Dejó salir una risotada.
—Me encanta cómo lo dices. Ni que yo estuviera tratando de acabar con tu vida tentándote a realizar mis deportes favoritos y arriesgados.
—Ya sabes: ¡olvídalo!
Víctor
Me costó un poco convencer a Estef en que se dejara llevar por la diversión. Cuando accedió no pude creerlo. Yo sabía que le pillaría el gusto y volvería a querer repetir. No conocía su parte vulnerable. Nunca me había detenido a observarla. A estudiar esa parte para entenderla. No podía dejar de observarla, de analizar cada mueca, cada pestañeo, cada mueca que me parecía tan graciosa como atrayente. Ella me gustaba. ¿Cuántas veces me lo había repetido ya? Y cuantas sabía que acabaría por perderla.
—¡Aleluya! Ya era hora de que la Estef osada saliera —la felicité.
—¡No estoy tan majara!
—Hacer lo que te divierte, siempre con precaución por la importante seguridad, no es locura. Yo he hecho incluso escalada al aire libre.
Su cara era un poema. Puede que pensara que estaba fardando para impresionarla. O puede que sí me creyera. Creyera que lo decía de verdad. Igualmente tanteó.
—¿En serio?
—Parapente, rafting, puenting...
Levantó la mano para que me callara. Se estaba agobiando en un momento.
—¡Vale! Vale... vale; ya me hago a la idea. Aunque no esperes que practique nada de eso, contigo.
—¿Por qué?
Conocía la respuesta. No era difícil adivinarla. Igualmente la tanteé.
—Mi locura no rebosa el borde del vaso, ni trata de romperlo, créeme; no estoy tan chalada.
No pude evitar reír con ganas. ¡Lo dijo con tanta gracia! Y a la vez con ese punto de aviso para que no la obligara a hacer nada de todo aquello, medio enojada.
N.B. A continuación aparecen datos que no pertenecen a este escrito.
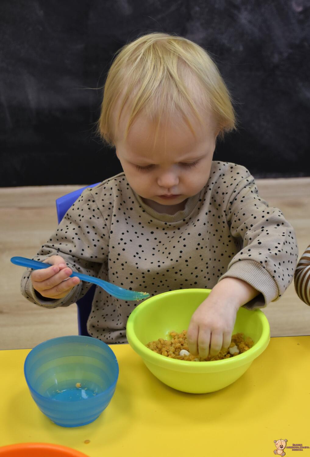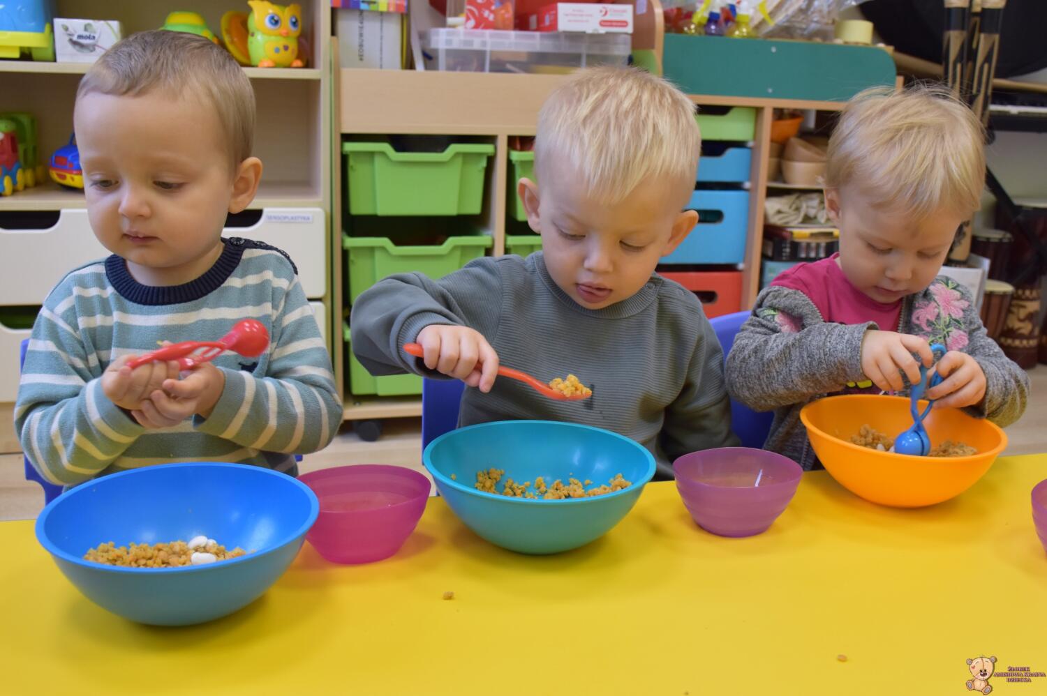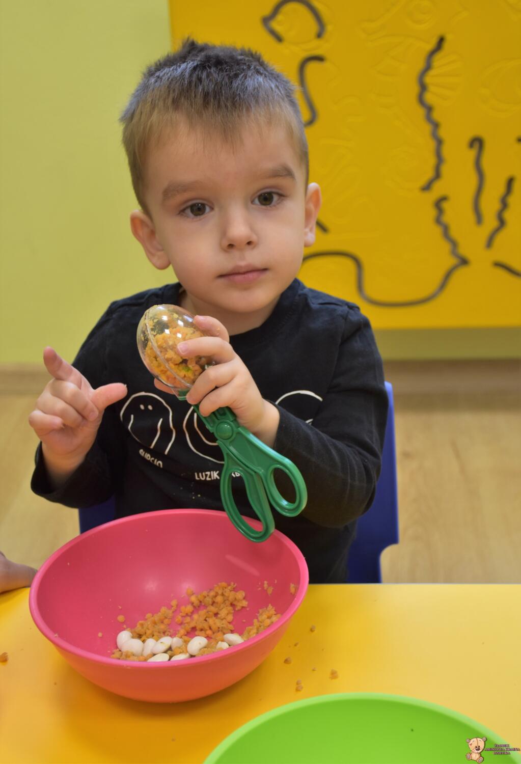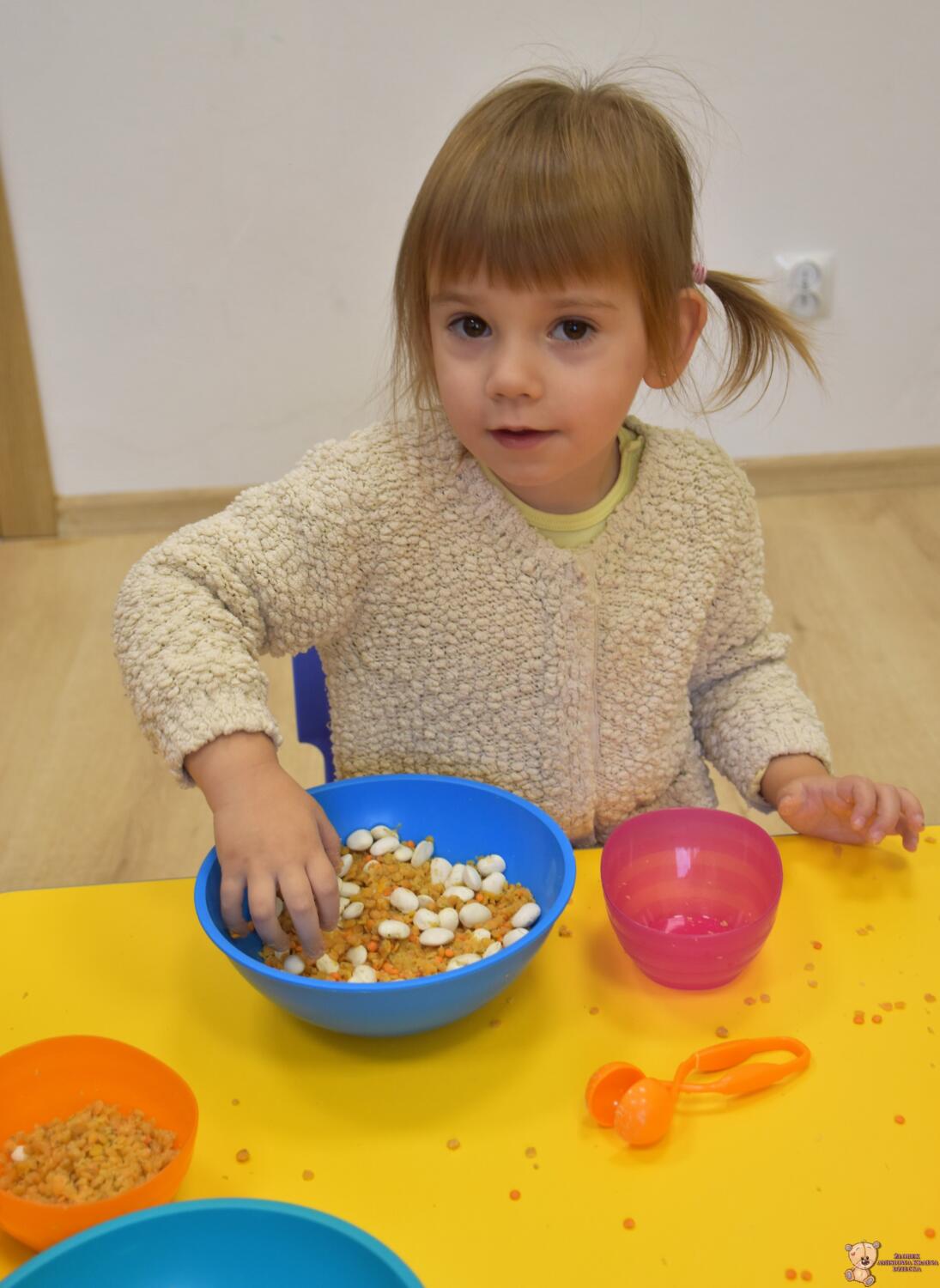 Na dzisiejszych zajeciach metodą Montessori Amisiaki przekładały ugotowaną ciecierzycę za pomocą szczypcy- młodsze dzieci za pomocą łyżek😀. Obserwowały również różnice pomiędzy wyglądem, oraz odgłosem gotowanej a surowej ciecierzycy. Doświadczyły również wrażeń sensorycznych poprzez ugniatanie, oraz segregacje. 😀

—Me encanta cómo lo dices. Ni que yo estuviera tratando de acabar con tu vida tentándote a realizar mis deportes favoritos y arriesgados.
—Ya sabes: ¡olvídalo!
Puede que la estuviera asustando. No podía obligarla a nada. Y conque ya se hubiera conformado en aceptar el buceo con snorkel ya me daba por satisfecho. Sabía que, cuando bajara hasta aquel lugar mágico similar al terreno de marte solo que lleno de agua, y de peces de colores, algas y del resto de la fauna marina que pudiéramos encontrar, por ahora a escasos metros de profundidad de la superficie, perdería el miedo, y dejaría de arrepentirse de inmediato. El paisaje bien merecía la pena intentarlo.